Typhoid fever is a severe systemic infection caused by a Gram-negative bacterium that belongs to the family Enterobacteriaceae, and is known commonly as Salmonella enterica subsp. Enteric serovar Typhi (S. Typhi) [1] [2] [3]. There are over 2500 Salmonella serotypes and over 50% of them are associated with Salmonella enterica subsp. enterica, which accounts for the majority of Salmonella infections in humans [1] [4].

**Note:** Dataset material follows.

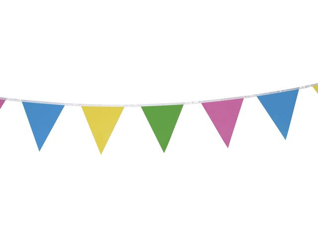 Låt denna pappersgirlang sätta tonen för en minnesvärd och färgsprakande upplevelse! Förhöj feststämningen med vår pappersgirlang komplett med vitt snöre. Girlangen består av 18 vimplar i färgerna blå, gul, grön och rosa, med tryck på båda sidor för en genomtänkt och festlig design. Varje vimpel mäter 16×18 cm, vilket ger en imponerande och färgglad dekoration till din fest eller tillställning. – 4m – 16x18cm – Papper – FSC 100%

Globally, it is estimated to cause approximately 21 million episodes of illnesses and 222,000 deaths [3]. In Ghana, typhoid is ranked among the top 20 Outpatient Department (OPD) cases and accounts for 0.92% of all hospital admissions [5]. Humans are the only known reservoir of the bacterium [6]. Transmission of typhoid is mainly faecal-oral. The bacteria subsequently multiply in the intestinal tract and disseminate into the bloodstream [7]. Most typhoid patients recover after experiencing several weeks of febrile illness; however, 10% - 15% of patients proceed to develop serious complications [8]. Between 2% - 3% of persons who survive the acute phase of typhoid fever will harbour S. Typhi and shed the bacteria in their stools for years afterward as chronic typhoid fever carriers [9]. Furthermore, S. Typhi possesses the capacity to invade, survive, and replicate within mononuclear phagocytes from where they are later shed into the blood stream [10]. This feature of host defense evasion by the bacterium enables it to exhibit a persistent infection [11].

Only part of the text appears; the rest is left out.